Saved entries

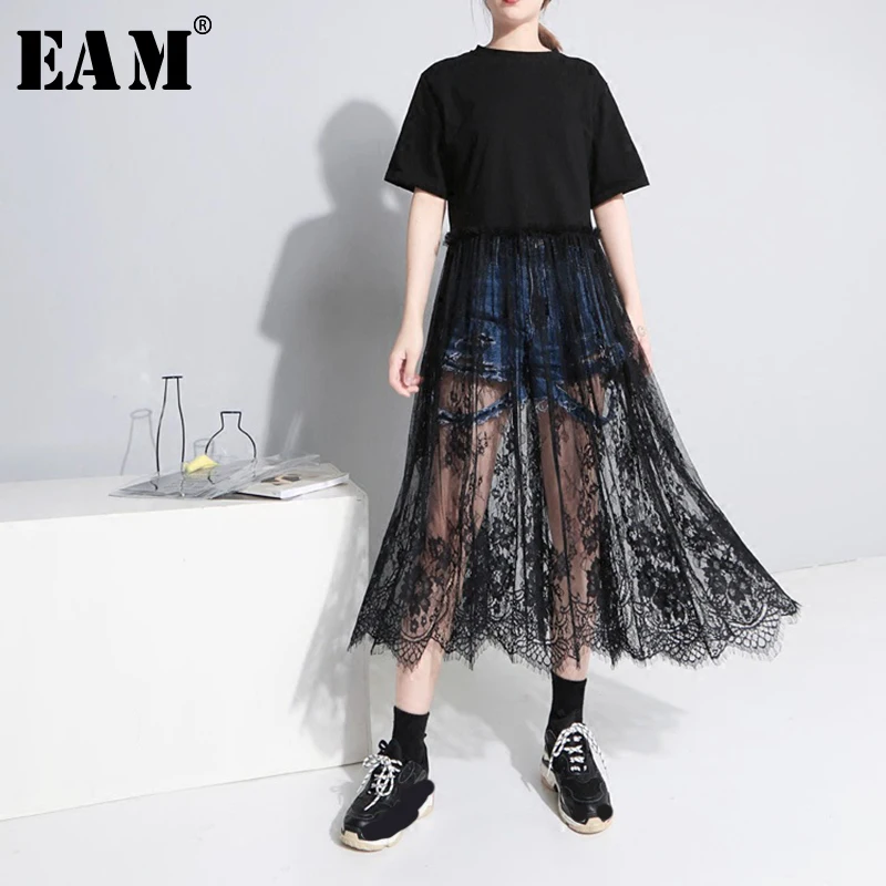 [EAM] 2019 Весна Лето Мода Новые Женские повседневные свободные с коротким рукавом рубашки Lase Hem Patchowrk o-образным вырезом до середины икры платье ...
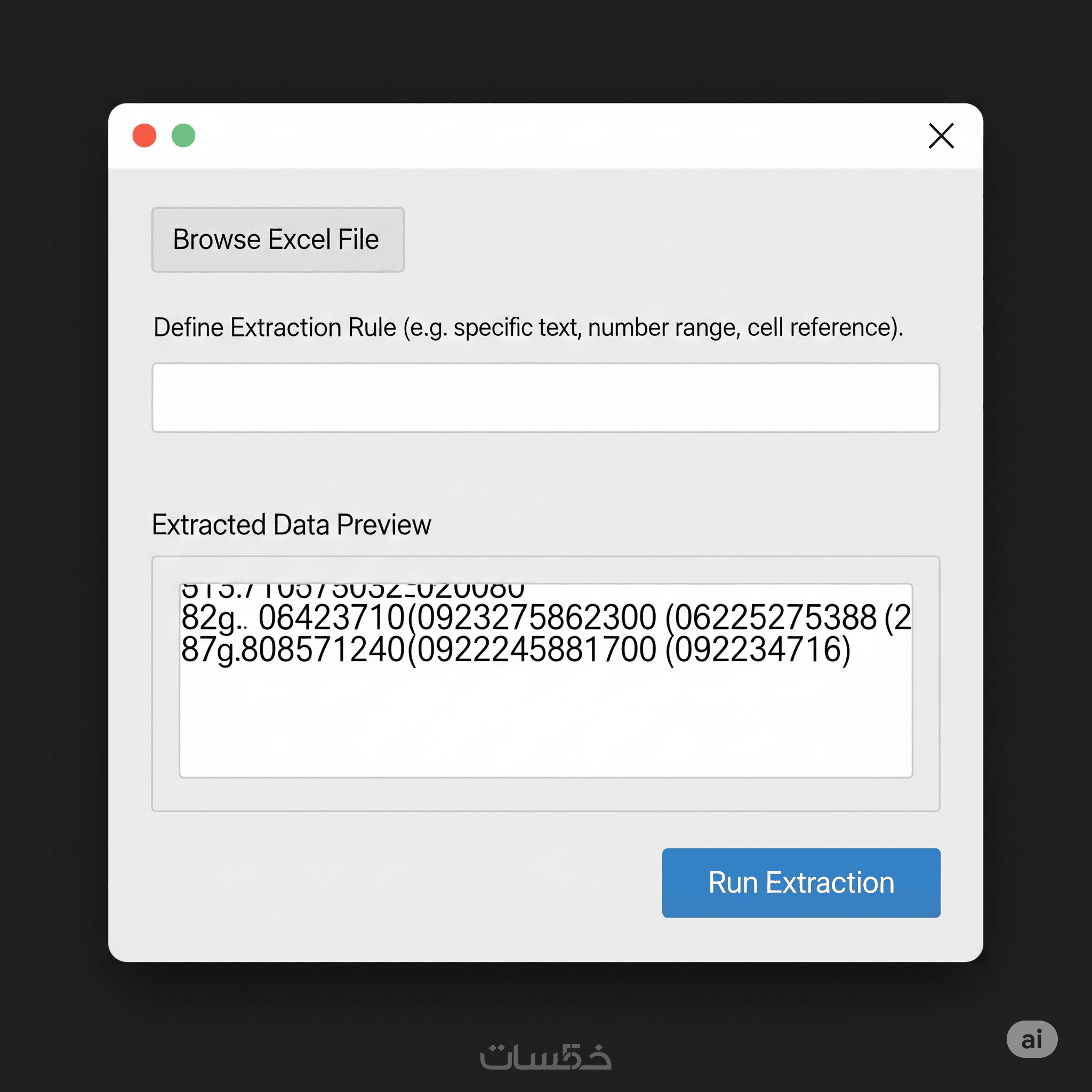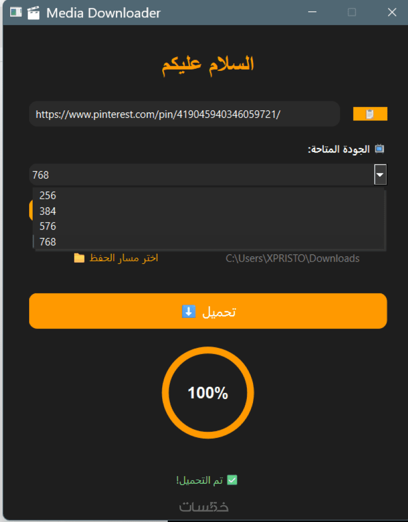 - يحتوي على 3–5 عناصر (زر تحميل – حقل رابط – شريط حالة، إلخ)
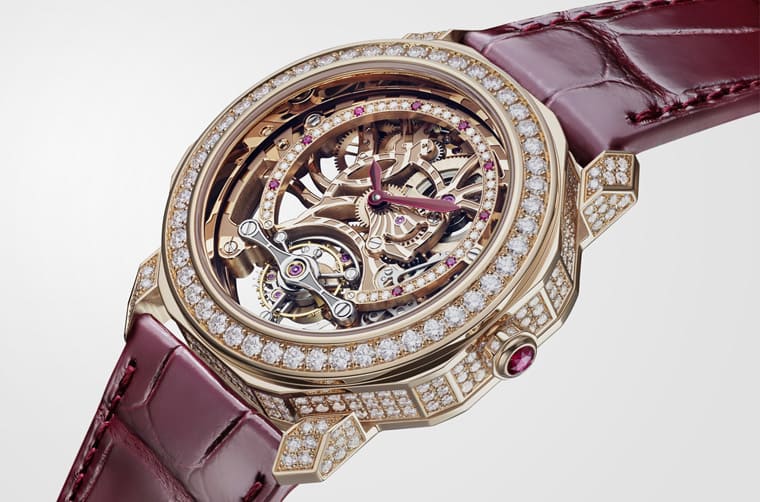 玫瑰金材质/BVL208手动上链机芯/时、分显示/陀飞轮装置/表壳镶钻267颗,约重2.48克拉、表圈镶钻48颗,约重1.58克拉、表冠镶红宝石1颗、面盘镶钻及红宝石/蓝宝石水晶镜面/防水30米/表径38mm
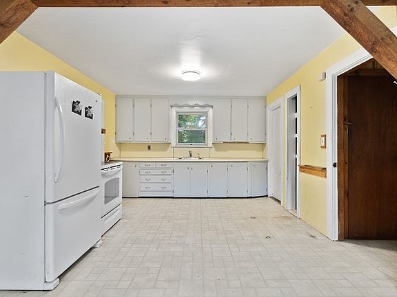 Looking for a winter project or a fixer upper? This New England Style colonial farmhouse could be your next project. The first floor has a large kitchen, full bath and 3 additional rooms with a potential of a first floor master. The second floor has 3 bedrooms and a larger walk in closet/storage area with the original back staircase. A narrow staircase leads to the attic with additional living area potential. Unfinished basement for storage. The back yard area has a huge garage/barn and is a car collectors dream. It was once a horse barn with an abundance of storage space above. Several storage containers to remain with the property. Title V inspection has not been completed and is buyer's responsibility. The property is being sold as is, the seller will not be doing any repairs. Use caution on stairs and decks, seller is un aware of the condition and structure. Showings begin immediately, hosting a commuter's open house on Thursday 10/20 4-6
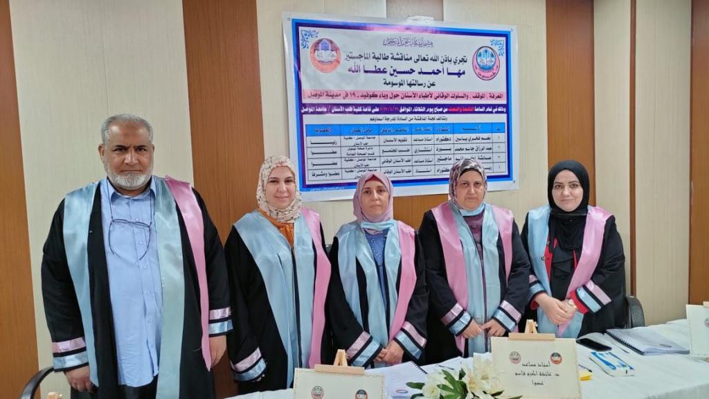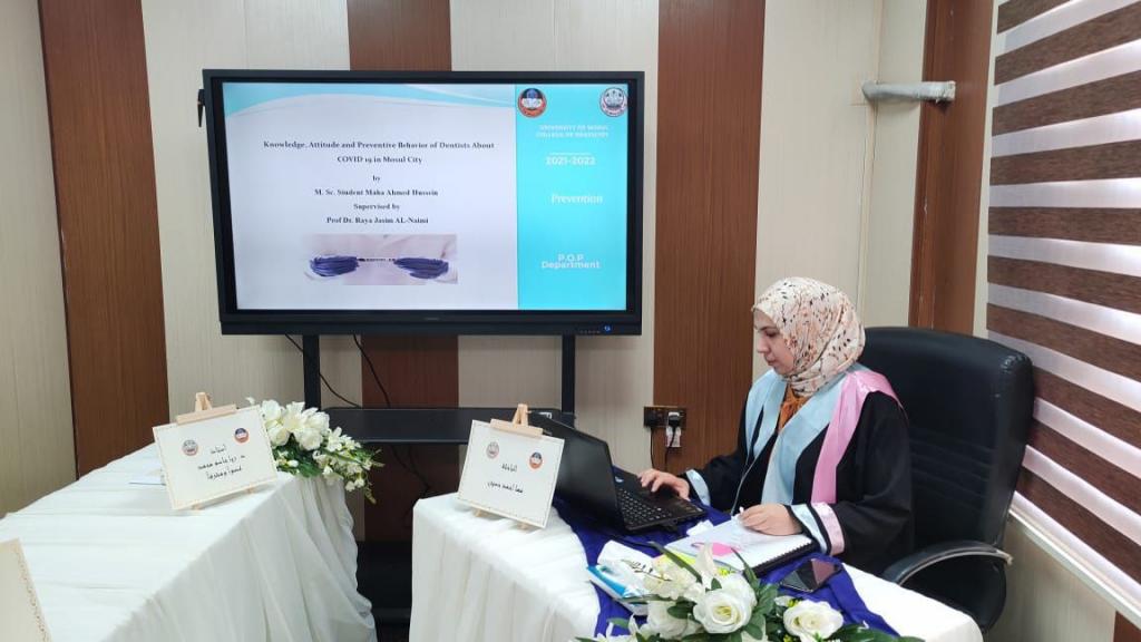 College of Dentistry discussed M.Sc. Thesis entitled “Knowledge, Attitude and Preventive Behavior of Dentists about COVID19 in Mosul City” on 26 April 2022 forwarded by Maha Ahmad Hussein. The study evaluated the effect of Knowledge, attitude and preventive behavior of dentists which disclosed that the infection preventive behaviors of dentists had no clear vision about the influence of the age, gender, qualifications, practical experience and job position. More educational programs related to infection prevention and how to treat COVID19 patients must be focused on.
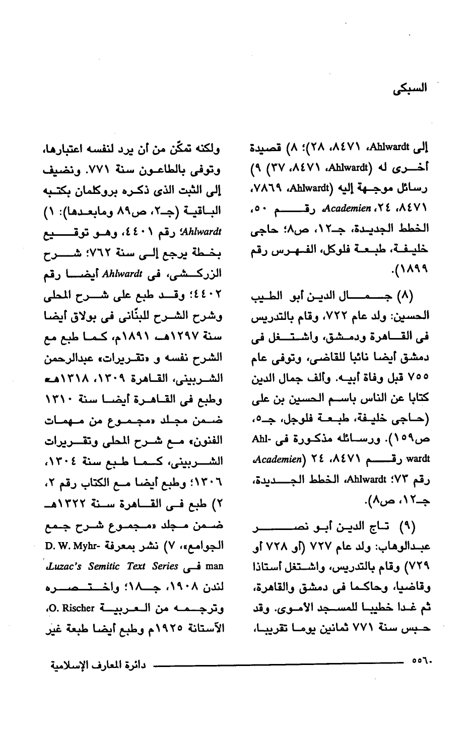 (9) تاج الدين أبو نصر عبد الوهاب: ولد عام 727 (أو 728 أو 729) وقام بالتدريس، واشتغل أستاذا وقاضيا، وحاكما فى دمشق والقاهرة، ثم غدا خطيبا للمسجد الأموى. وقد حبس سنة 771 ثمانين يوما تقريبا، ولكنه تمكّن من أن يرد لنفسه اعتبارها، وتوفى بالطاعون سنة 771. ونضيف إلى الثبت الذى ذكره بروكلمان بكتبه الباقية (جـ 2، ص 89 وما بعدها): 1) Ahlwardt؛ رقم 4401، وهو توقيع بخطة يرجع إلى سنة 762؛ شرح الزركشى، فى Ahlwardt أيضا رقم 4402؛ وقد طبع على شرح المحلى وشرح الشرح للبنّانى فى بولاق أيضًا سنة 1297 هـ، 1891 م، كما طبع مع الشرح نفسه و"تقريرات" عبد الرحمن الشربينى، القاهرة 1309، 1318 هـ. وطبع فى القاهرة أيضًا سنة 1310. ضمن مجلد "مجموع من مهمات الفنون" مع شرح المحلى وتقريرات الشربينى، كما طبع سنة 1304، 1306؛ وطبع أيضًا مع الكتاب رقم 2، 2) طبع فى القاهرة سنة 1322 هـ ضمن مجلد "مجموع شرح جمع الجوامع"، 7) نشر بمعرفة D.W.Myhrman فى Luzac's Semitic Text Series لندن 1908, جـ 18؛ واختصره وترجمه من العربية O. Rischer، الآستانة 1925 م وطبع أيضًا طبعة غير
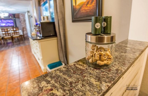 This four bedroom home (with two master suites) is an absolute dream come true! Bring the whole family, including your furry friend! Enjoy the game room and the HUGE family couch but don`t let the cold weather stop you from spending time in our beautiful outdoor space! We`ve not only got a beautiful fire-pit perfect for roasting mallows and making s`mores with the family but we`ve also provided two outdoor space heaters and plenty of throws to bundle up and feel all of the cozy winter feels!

**WHAT YOU ARE ASKED TO DO**
Give back exactly, and solely, the section of the data above bounded by the line containing "Looking for a" and the line containing "College of Dentistry", both bounding lines included and pictures omitted.

**RESPONSE TO THE EXERCISE**
 Looking for a winter project or a fixer upper? This New England Style colonial farmhouse could be your next project. The first floor has a large kitchen, full bath and 3 additional rooms with a potential of a first floor master. The second floor has 3 bedrooms and a larger walk in closet/storage area with the original back staircase. A narrow staircase leads to the attic with additional living area potential. Unfinished basement for storage. The back yard area has a huge garage/barn and is a car collectors dream. It was once a horse barn with an abundance of storage space above. Several storage containers to remain with the property. Title V inspection has not been completed and is buyer's responsibility. The property is being sold as is, the seller will not be doing any repairs. Use caution on stairs and decks, seller is un aware of the condition and structure. Showings begin immediately, hosting a commuter's open house on Thursday 10/20 4-6
 College of Dentistry discussed M.Sc. Thesis entitled “Knowledge, Attitude and Preventive Behavior of Dentists about COVID19 in Mosul City” on 26 April 2022 forwarded by Maha Ahmad Hussein. The study evaluated the effect of Knowledge, attitude and preventive behavior of dentists which disclosed that the infection preventive behaviors of dentists had no clear vision about the influence of the age, gender, qualifications, practical experience and job position. More educational programs related to infection prevention and how to treat COVID19 patients must be focused on.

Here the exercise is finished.